Hmmm scanned Tyler TX (This is Gohmert’s district) news and one channel didn’t mention the debate on the twitter feed the other had a general news story
So far @TeamCornyn doesn’t have a post debate tweet up and @JohnCornyn has a couple of retweets of an article quoting MJ’s primary opponent.
I watch a debate and end up disliking both candidates by the end (usually one more than the other) which is why I don’t like debates, but sometimes people have a really good night.
I do like how MJ turns an attack into an advantage
Mike Pence the head of the coronavirus task force leading a non-socially-distanced low masking rally at the largest retirement community in the US has to be peak #2020 (at least it is outdoors)

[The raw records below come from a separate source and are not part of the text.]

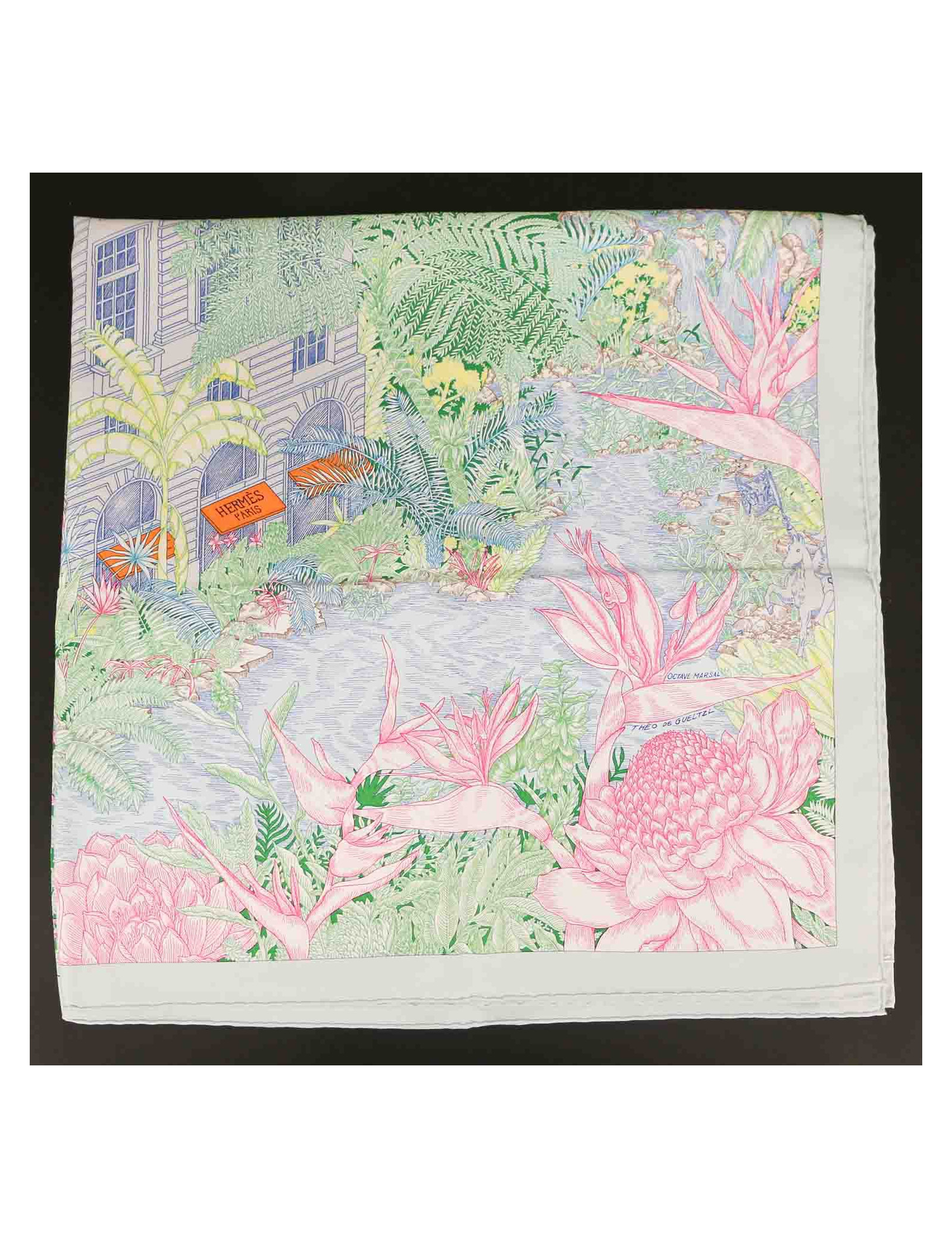 Derniers articles en stock FOULARD/ECHARPE Carré Régina HERMES soie HERMES 35471 940,00 € Rarissime carré Régina HERMES fleurs Condition : bon étatPays de fabrication : FranceMatière : 100% soieCouleur : rose pâle, vert, écruDimensions : 90 x 90 cmDesigner : Leïla MenchariAnnée : 1972Détails : Ce carré est très rare ! étiquette de composition absente. Le roulotté est en bon état, il y a des petites tâches sur les coins du foulards sur la... Ajouter au panier
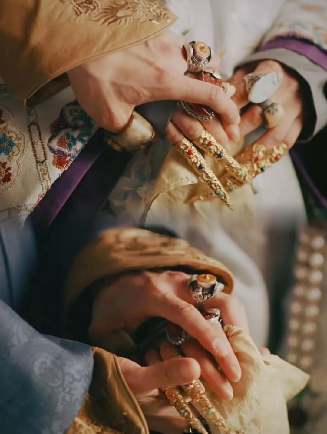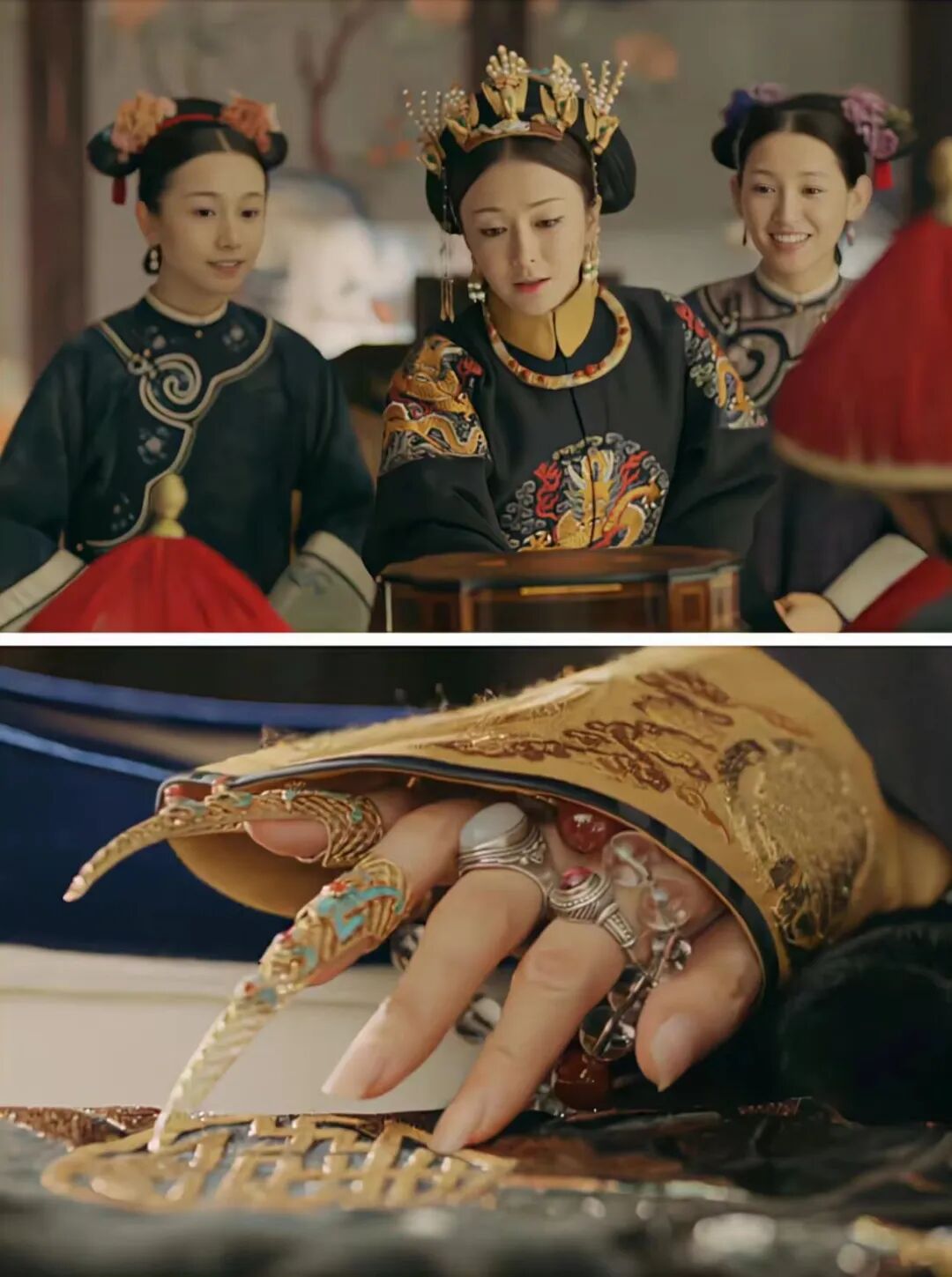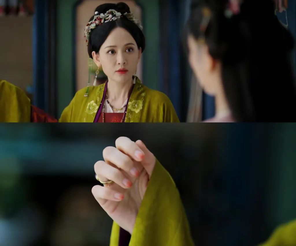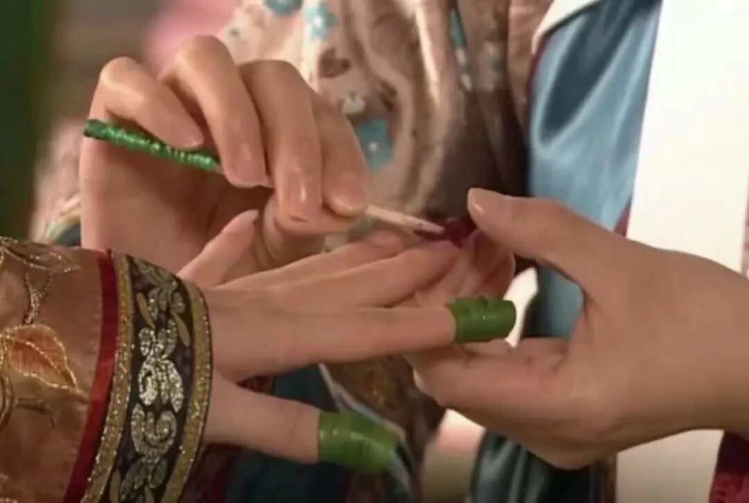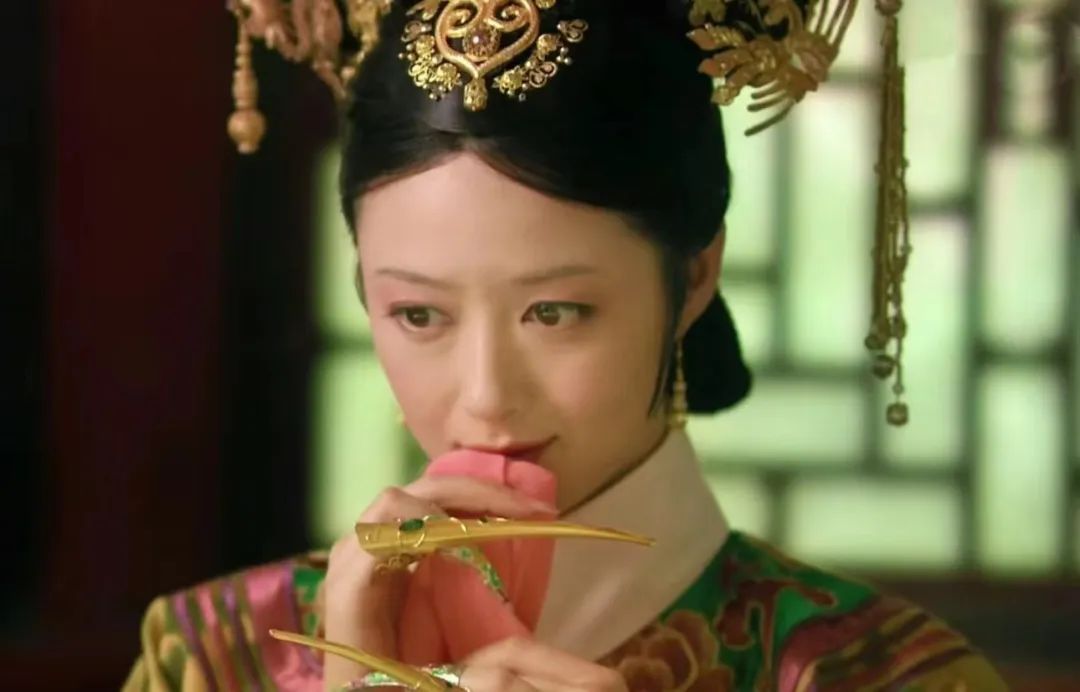 此外,中国古代对女性的纤纤玉指有着独特的审美传统,长指甲能从视觉上修长手指,让手如柔荑,玉指青葱,再配以装饰,更添纤细美感和妩媚韵味。比如清宫戏中娘娘们的长指甲总是夺人眼球。
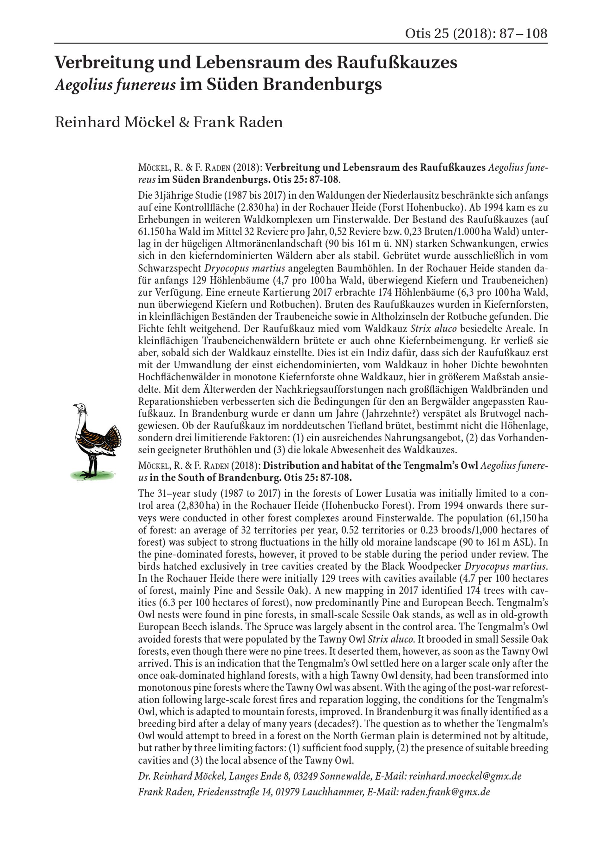 Reinhard Möckel & Frank Raden: Verbreitung und Lebensraum des Raufußkauzes Aegolius...
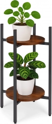 A két kerek polc lehetővé teszi több növény egymás fölé helyezését, látványos vertikális kompozíciót teremtve – ideális kisebb terekbe.
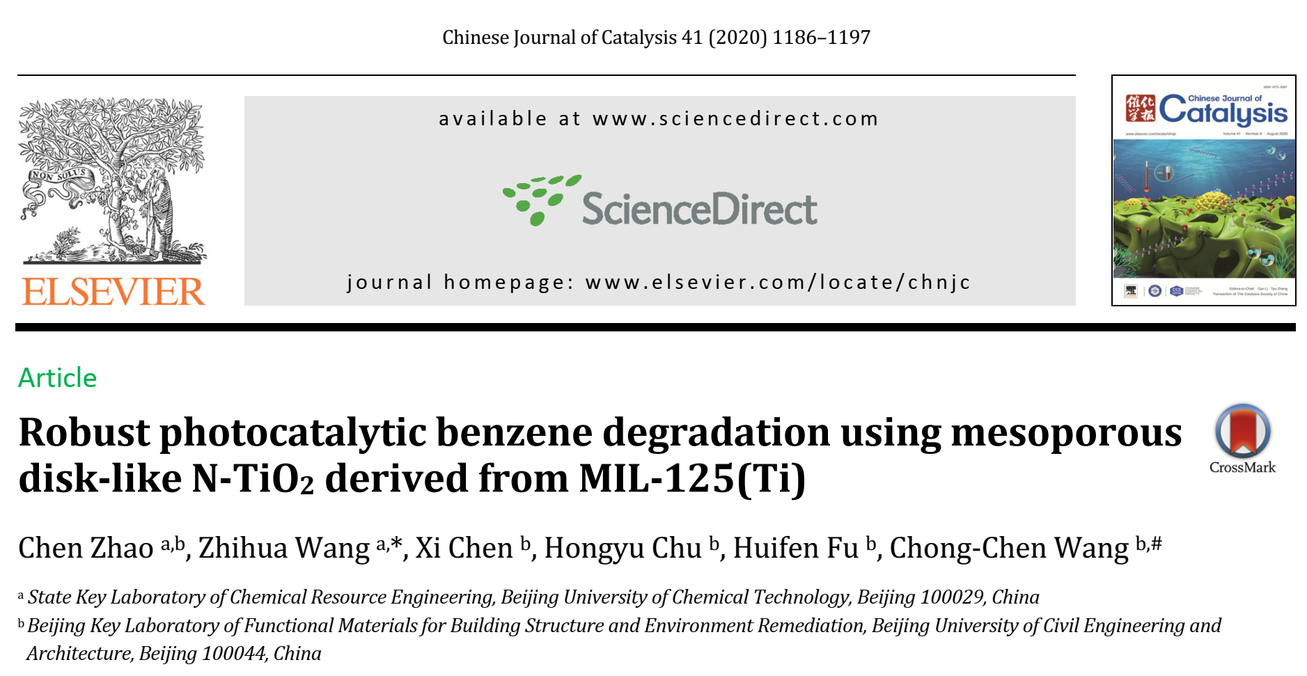 NMTer课题组赵晨老师在《Chinese Journal of Catalysis》(SCI索引,中科院一区期刊,影响因子4.914)上发表论文。采用MIL-125(Ti)作为前驱体,三聚氰胺作为氮源,运用空气氛围下高温煅烧的方法制备了一系列具有可见光光催化活性的圆盘状介孔锐钛矿-金红石混合晶型的N-TiO2。由于该N-TiO2优异的可见光吸收能力和传质能力,其对气态苯表现出优异的光催化降解性能。

*Remembers the utter scandal on UK twitter when one minister drove his kid and visited his elderly parents when he was supposed to be in lockdown* (I think, I didn’t entirely follow what was happening)
If my parents lived there I can guarantee you some tersely worded phone calls and warnings about indoor public dining.
Also considering the number of octogenarians in the Senate and all the travel and how many people they meet they should have a regular testing program too (along with masks and distancing). It’s just common sense.
Somehow this 👆🏻 is a hyperpartisan liberal cuck issue because #2020
Anti-maskers are so weird, like is a doctor supposed to contract every disease to make them stronger? I have tuberculosis and HepC and 12 rhinoviruses
They also invoke an anti-fragile Taleb argument having never read Taleb regarding masks. medium.com/incerto/the-ma…
The paleo folks can be the worst anti-vax, anti-maskers...modern infectious diseases are Neolithic my dears. They had parasites in hunter-gatherer times, not swine flu.
It was interesting yesterday to see an epidemiologist make a calculation whereas a clinician would think about the same scenario exactly backwards.
A clinician would see an adult with likely unilateral conjunctivitis and hypothesize a certain pre-test probability for COVID and use that plus the known sensitivity/specificity of the test to estimate the accuracy of the test.
The epidemiologist calculated the negative test into a starting risk number and then ran an equation about unilateral conjunctivitis and population risk of having COVID.